PROVIDED MATERIAL:

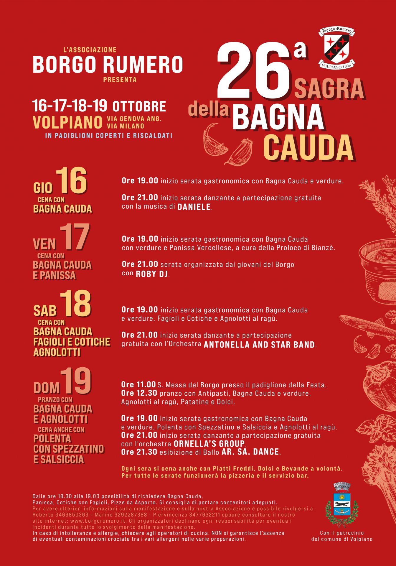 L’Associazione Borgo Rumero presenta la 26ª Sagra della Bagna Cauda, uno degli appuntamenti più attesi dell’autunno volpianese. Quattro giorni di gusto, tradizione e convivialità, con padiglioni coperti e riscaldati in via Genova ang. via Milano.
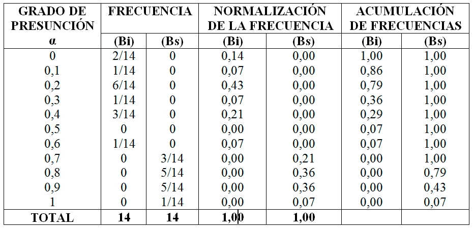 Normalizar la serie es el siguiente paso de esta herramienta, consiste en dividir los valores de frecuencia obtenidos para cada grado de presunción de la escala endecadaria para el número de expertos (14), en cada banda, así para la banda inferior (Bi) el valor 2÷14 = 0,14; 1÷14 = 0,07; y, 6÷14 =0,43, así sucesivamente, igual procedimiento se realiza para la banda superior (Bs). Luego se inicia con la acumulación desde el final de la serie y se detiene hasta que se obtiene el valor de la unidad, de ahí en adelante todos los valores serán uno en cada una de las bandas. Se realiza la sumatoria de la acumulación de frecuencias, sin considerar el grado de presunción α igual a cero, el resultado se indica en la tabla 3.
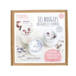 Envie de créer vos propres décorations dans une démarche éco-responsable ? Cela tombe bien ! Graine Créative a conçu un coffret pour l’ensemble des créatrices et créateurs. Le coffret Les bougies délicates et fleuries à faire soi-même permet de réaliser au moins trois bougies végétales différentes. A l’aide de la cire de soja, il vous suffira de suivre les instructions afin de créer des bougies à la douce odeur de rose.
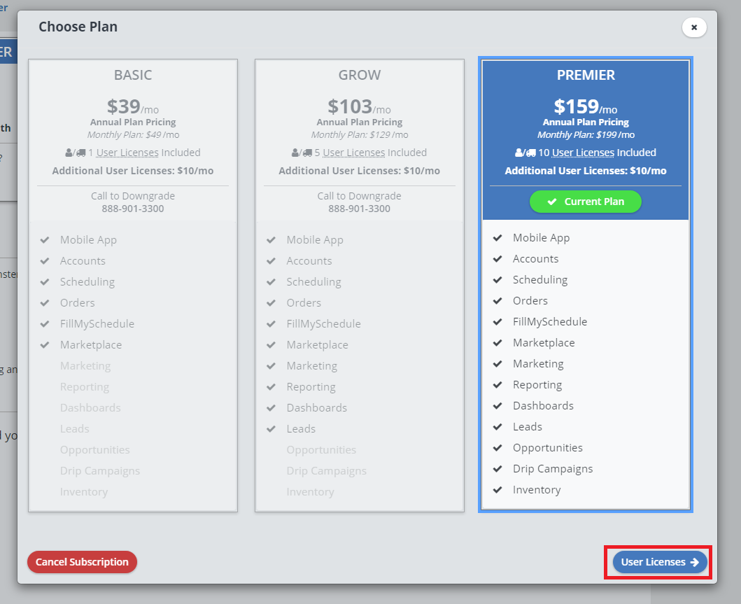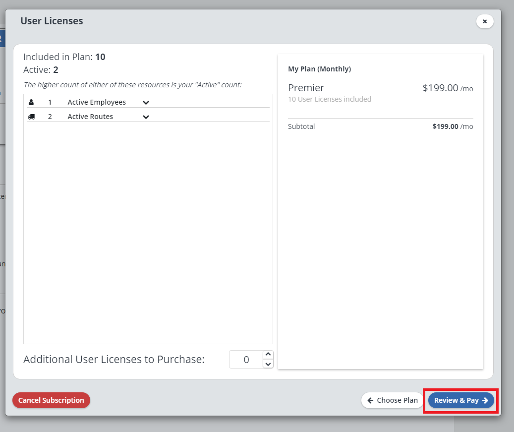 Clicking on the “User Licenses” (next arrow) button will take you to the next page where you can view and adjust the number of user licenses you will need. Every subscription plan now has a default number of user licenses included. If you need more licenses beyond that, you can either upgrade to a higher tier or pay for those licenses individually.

EXERCISE: Everything from the line above that contains "Normalizar la serie" down to the line that contains "Envie de créer" must be reproduced exactly, both ends included. Omit the pictures.

ANSWER SECTION:
 Normalizar la serie es el siguiente paso de esta herramienta, consiste en dividir los valores de frecuencia obtenidos para cada grado de presunción de la escala endecadaria para el número de expertos (14), en cada banda, así para la banda inferior (Bi) el valor 2÷14 = 0,14; 1÷14 = 0,07; y, 6÷14 =0,43, así sucesivamente, igual procedimiento se realiza para la banda superior (Bs). Luego se inicia con la acumulación desde el final de la serie y se detiene hasta que se obtiene el valor de la unidad, de ahí en adelante todos los valores serán uno en cada una de las bandas. Se realiza la sumatoria de la acumulación de frecuencias, sin considerar el grado de presunción α igual a cero, el resultado se indica en la tabla 3.
 Envie de créer vos propres décorations dans une démarche éco-responsable ? Cela tombe bien ! Graine Créative a conçu un coffret pour l’ensemble des créatrices et créateurs. Le coffret Les bougies délicates et fleuries à faire soi-même permet de réaliser au moins trois bougies végétales différentes. A l’aide de la cire de soja, il vous suffira de suivre les instructions afin de créer des bougies à la douce odeur de rose.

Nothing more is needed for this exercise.